## [About this task]
Using the listing below, set down each line from the line containing "This Hermès Artisan-Grade" through the line containing "El padre Milton", both ends included, exactly and with nothing added.

## [Information given]
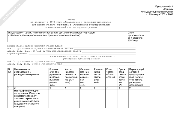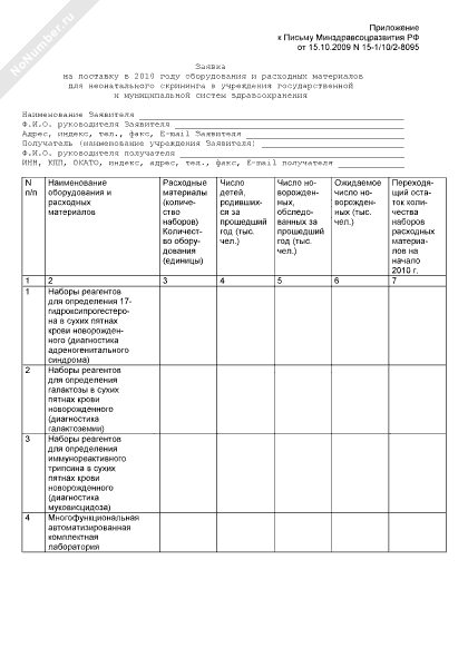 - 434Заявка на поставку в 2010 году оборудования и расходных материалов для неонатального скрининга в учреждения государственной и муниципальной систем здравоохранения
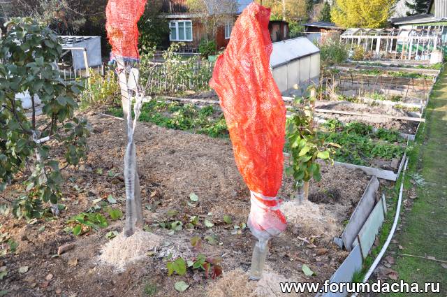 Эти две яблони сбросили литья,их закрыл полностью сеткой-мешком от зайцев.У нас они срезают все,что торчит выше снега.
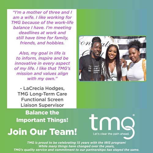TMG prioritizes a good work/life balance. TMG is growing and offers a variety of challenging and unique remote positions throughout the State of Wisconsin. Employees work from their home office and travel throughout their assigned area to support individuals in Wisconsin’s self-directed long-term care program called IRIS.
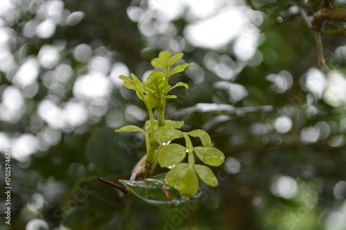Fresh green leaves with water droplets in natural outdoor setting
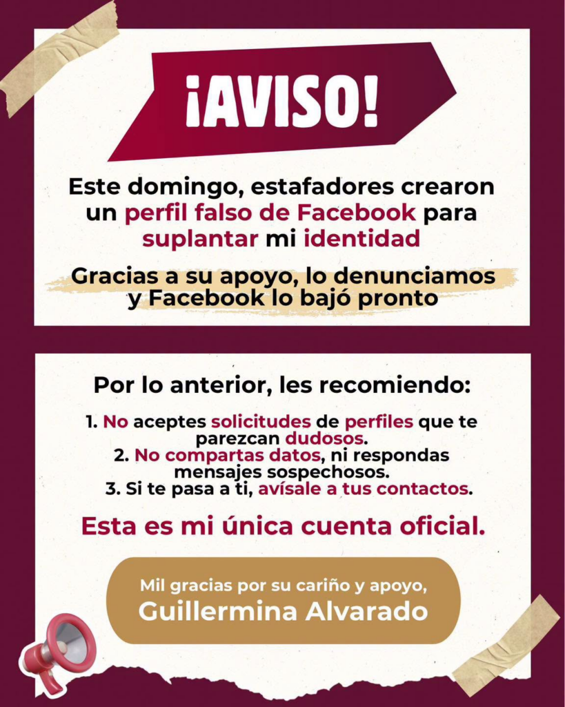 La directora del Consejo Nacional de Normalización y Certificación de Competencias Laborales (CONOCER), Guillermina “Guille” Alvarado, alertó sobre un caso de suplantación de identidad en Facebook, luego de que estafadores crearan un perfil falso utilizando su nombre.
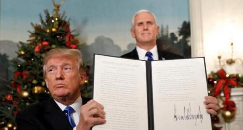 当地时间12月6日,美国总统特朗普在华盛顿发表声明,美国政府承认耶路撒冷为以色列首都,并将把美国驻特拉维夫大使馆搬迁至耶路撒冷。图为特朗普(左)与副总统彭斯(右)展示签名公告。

...

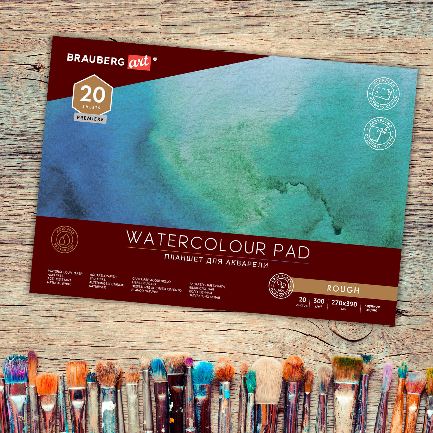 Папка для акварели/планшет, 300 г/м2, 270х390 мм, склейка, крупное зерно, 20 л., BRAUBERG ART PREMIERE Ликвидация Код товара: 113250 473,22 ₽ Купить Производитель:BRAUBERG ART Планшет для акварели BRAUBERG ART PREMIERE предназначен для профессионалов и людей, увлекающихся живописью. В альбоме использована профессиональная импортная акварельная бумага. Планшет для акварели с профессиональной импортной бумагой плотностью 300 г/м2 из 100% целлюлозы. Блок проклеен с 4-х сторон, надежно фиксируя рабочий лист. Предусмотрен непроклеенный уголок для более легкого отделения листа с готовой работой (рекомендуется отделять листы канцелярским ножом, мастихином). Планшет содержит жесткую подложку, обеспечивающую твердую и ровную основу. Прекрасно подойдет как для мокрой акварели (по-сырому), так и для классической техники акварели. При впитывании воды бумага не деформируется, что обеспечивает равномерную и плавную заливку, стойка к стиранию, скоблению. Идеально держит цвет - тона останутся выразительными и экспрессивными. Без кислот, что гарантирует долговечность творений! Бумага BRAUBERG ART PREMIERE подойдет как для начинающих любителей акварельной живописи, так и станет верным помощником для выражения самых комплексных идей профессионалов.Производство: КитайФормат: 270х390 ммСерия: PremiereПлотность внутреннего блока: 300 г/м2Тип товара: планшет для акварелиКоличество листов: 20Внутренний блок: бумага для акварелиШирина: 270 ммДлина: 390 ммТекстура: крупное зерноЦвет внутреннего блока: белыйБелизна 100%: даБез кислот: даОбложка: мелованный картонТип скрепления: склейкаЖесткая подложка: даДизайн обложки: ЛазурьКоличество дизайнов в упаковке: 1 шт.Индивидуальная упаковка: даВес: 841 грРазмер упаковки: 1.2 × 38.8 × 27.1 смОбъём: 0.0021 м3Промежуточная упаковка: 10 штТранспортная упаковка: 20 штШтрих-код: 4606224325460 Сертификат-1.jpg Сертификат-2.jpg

* * *

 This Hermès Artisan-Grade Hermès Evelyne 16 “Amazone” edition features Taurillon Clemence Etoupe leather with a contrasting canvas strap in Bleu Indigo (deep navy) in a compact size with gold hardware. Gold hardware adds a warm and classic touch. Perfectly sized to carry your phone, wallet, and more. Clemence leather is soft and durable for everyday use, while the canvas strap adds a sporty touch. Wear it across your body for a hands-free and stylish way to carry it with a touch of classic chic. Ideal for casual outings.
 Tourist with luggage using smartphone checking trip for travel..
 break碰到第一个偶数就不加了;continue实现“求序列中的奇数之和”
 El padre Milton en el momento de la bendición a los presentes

## [Output below]
 This Hermès Artisan-Grade Hermès Evelyne 16 “Amazone” edition features Taurillon Clemence Etoupe leather with a contrasting canvas strap in Bleu Indigo (deep navy) in a compact size with gold hardware. Gold hardware adds a warm and classic touch. Perfectly sized to carry your phone, wallet, and more. Clemence leather is soft and durable for everyday use, while the canvas strap adds a sporty touch. Wear it across your body for a hands-free and stylish way to carry it with a touch of classic chic. Ideal for casual outings.
 Tourist with luggage using smartphone checking trip for travel..
 break碰到第一个偶数就不加了;continue实现“求序列中的奇数之和”
 El padre Milton en el momento de la bendición a los presentes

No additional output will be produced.